Prendere recuperi di un minuto o meno è consigliabile se l’obiettivo principale è quello di ottenere  maggiore resistenza muscolare. Tra gli adattamenti che questo tipo di stress inducono nel muscolo, il principale è l’aumento della forza resistente; difficilmente produrranno una risposta ipertrofica. Per stimolare la sintesi proteica il muscolo ha bisogno di reclutare il maggior numero di unità motorie ed il sistema nervoso centrale dovrà inviare impulsi frequenti ed ampi ai muscoli; tale meccanismo permette di sviluppare alti gradienti di forza e tensione in un numero di ripetizioni limitato (massimo 5/6) dall’insorgere della fatica.

Diversamente, l’allenamento per la resistenza muscolare si caratterizza per l’uso di carichi sub-massimali intorno al 50 – 60% dell’1RM per un numero di serie che va dalle 12 alle 20.

È stato recentemente dimostrato che l’utilizzo di alte ripetizioni e bassi carichi non è in grado di stimolare adeguatamente lo sviluppo di nuove unità contrattili all’interno del muscolo.

La manipolazione delle variabili dell’allenamento deve essere conforme agli obiettivi preposti. Difficilmente un metodo di allenamento è completamente sbagliato. Una programmazione fatta a regola d’arte prevede l’impiego di varie metodiche che permettono di avere sempre un trend positivo nella progressione dei risultati.

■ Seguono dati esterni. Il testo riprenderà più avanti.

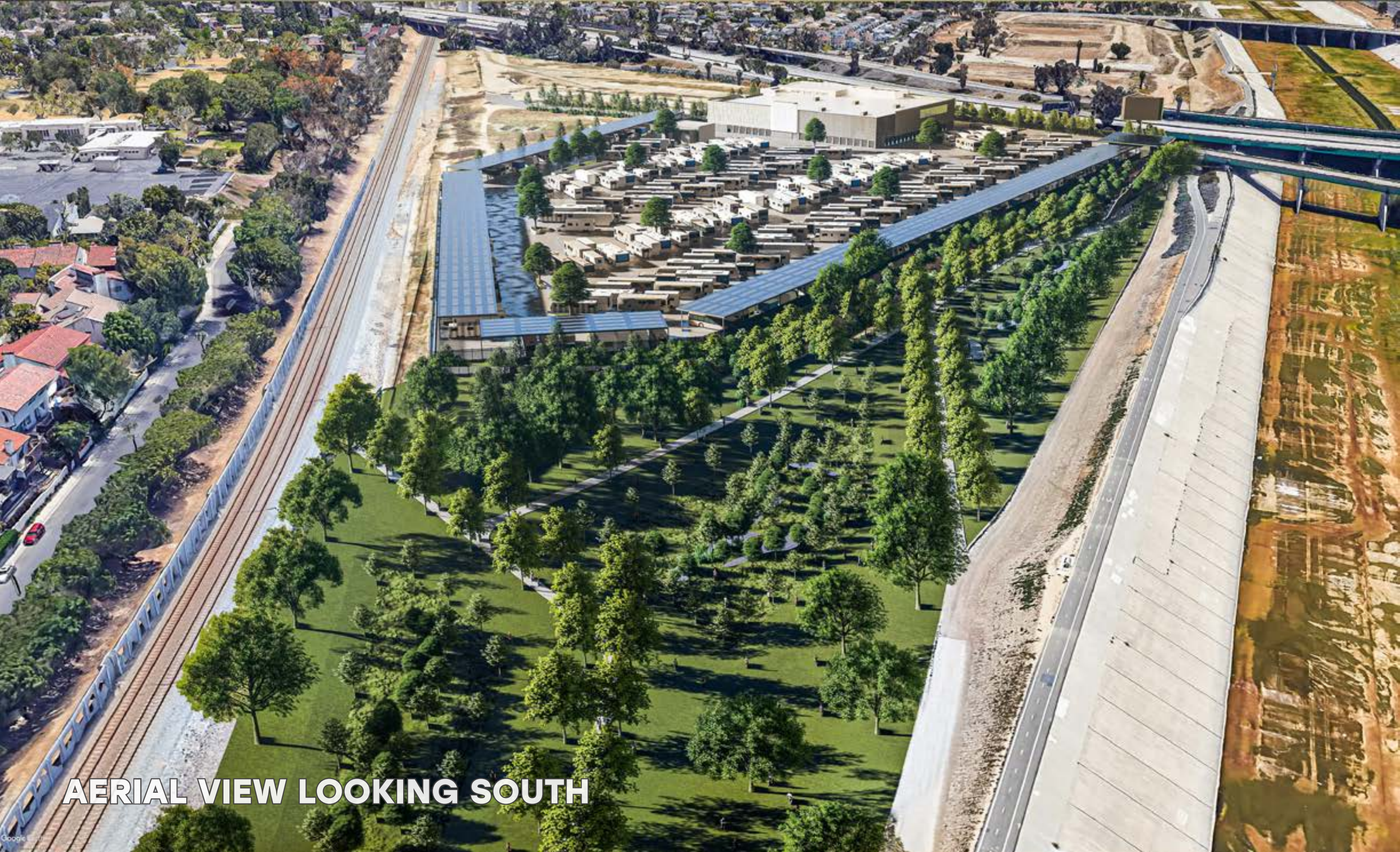
AERIAL VIEW LOOKING SOUTH

Recuperi più lunghi possono essere un problema nel caso non si disponga di molto tempo da dedicare all’allenamento, in questo caso le soluzioni possibili sono tre:

  • Utilizzare carichi maggiori e diminuire il numero di ripetizioni e serie
  • Utilizzare le superserie agonista/antagonista per ottimizzare il tempo a disposizione (esempio: fare 5 serie da 5 di stacco da terra e distensione su panca con i manubri)
  • Allenare un solo gruppo muscolare o una catena cinetica a seduta aumentando il numero di sedute settimanali.

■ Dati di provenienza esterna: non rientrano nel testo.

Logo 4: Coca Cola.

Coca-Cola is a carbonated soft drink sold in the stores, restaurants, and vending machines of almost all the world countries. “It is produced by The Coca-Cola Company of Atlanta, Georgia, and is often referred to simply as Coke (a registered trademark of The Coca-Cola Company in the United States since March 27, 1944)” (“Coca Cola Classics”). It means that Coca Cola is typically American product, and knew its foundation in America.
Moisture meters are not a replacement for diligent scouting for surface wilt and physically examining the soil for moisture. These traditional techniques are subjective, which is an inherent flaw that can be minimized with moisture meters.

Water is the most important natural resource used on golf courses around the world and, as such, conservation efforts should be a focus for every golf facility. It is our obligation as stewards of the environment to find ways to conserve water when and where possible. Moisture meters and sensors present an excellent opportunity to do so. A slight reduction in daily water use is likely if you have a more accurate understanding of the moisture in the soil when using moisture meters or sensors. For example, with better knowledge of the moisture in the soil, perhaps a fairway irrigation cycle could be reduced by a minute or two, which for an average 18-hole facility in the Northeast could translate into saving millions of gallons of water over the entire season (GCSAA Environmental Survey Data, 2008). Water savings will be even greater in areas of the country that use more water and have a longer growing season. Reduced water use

In conclusione, la scelta di utilizzare un recupero breve o lungo è dettata esclusivamente dal tipo di risultato che vogliamo ottenere. È fondamentale definire a priori gli obiettivi che vogliamo raggiungere, conoscere ciò che vogliamo è il primo passo verso il successo. Il secondo passo sarà valutare, attraverso delle batterie di test, lo stato corrente di forma fisica. Da qui, tenendo conto dei risultati della valutazione, possiamo sviluppare un programma funzionale agli obiettivi preposti.

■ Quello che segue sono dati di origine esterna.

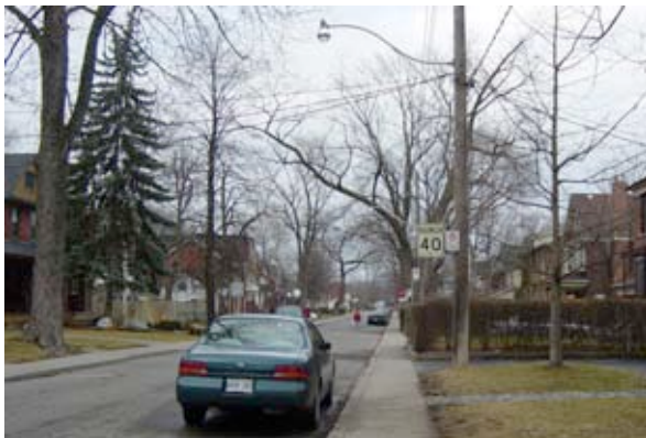
Figure 15. Looking east from in front of #47 Lyall in March 2006. The street and the houses have changed little, while the tree canopy remains largely intact.

Vediamo un esempio di programmazione.

I principianti possono seguire con successo una periodizzazione di tipo lineare della durata complessiva di 5 settimane (4 di progressione, 1 di recupero attivo). Si comincia con carichi medio bassi eseguiti per molte ripetizioni, recuperi intorno ai 2 minuti ed esercizi multiarticolari. L’alto numero di ripetizioni serve a memorizzare la tecnica di esecuzione, ovviamente il carico utilizzato dovrà essere gestibile per tutta la durata della serie, senza difficoltà.ù

Anche se il carico è basso già in questa fase i recuperi dovranno essere superiori ai 2 minuti.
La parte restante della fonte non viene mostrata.